The answer is "blue hydrogen".
Make hydrogen from water using renewable energy and you get "green hydrogen". The problem is green hydrogen is really expensive.
Instead, today most hydrogen is made from natural gas, or even coal. That is cheap but it produces lots of greenhouse gases. However, if you capture those greenhouse gases and bury them in the ground, you are allowed to call it "blue hydrogen".
This is exactly what Japan says it is going to do.
Earlier this year, Japan and Australia opened a joint project in the state of Victoria to turn a type of coal called lignite, or brown coal, into hydrogen. The hydrogen is then liquified to minus 253C, then piped into a specially built ship which carries it to Japan.
What happens to the greenhouse gases produced at the site? Right now, they go straight up into the atmosphere. But Japan and Australia are promising that, at some point in the future, they will begin capturing the greenhouse gas produced at the Latrobe Valley site and inject it into the sea floor off the coast.

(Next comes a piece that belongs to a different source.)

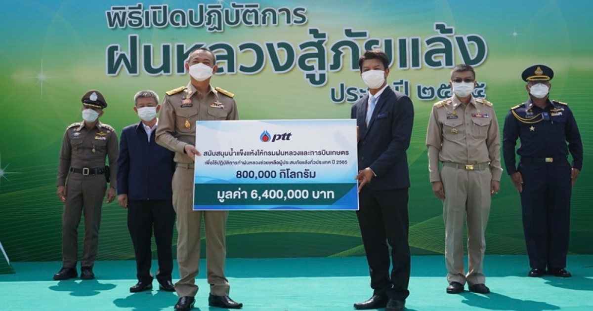 ปตท. ได้สนับสนุนน้ำแข็งแห้งเพื่อทำฝนหลวง ตามพระราชดำริของพระบาทสมเด็จพระบรม ชนกาธิเบศร มหาภูมิพลอดุลยเดชมหาราช บรมนาถบพิตร มาอย่างต่อเนื่องตั้งแต่ปี พ.ศ. 2541 จวบจนปัจจุบันเป็นปีที่ 24 ได้สนับสนุนน้ำแข็งแห้งไปแล้วกว่า 12,900 ตัน คิดเป็นมูลค่ากว่า 103.2 ล้านบาท น้ำแข็งแห้งดังกล่าวเกิดจากการนำก๊าซคาร์บอนไดออกไซด์ที่ได้จากกระบวนการแยกก๊าซธรรมชาติมาใช้ให้เกิดประโยชน์ต่อประเทศและสิ่งแวดล้อม
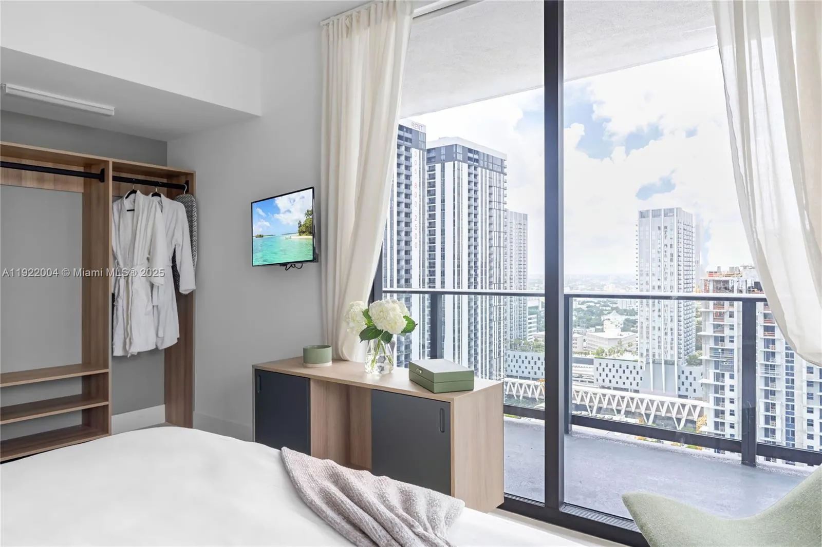 Step into this fully furnished, move-in-ready residence showcasing stunning city and bay views. Perfect as a chic urban home or high-performing investment, this unit offers style and flexibility in a brand-new 2024 building.rnrnEnjoy resort-style amenities including a full-service spa, pool, kids’ play area, three on-site restaurants, meeting rooms, and more.rnrnThe 2-bed, 2-bath layout features designer décor, a wraparound balcony, custom closets, and exceptional attention to detail—truly turn-key.rnrnUnbeatable location across from the Kaseya Center, and just steps to Miami Worldcenter, Bayside Marketplace, and the waterfront—live or invest in the center of it all.

Climate change campaigners are horrified by this plan. They say the technology to capture and store greenhouse gases is unproven and it will lock Japan into digging up vast quantities of brown coal for decades to come.
According to Prof Kaberger, the biggest hole in the plan is economic.
"Technically it's possible, but it will always be expensive," he says. "Using fossil fuels with carbon capture and storage will always be more expensive than using fossil fuels alone, and now in many parts of the world renewable electricity is already cheaper than fossil fuels without carbon capture."
Prof Kaberger thinks the Japanese government chose blue hydrogen a decade ago when renewables were expensive, and they are now locked into a plan that no longer makes sense.
"Japanese companies need cheap electricity to be competitive and they need clean electricity to be internationally acceptable," he says. "That means they need renewable electricity. Delaying this development will harm the Japanese economy."
In the meantime, on the edge of Tokyo Bay, construction continues apace. The giant new coal-fired power station will go online in 2023. It is expected to run for at least 40 years.
"I am ashamed of Japan," says Hikari Matsumoto, a 21-year-old activist who has joined us to look out from the hillside.
"I'm so frustrated," she says. "In other countries young people are out on the street protesting, but Japanese people are so quiet. Our generation needs to voice its opinion."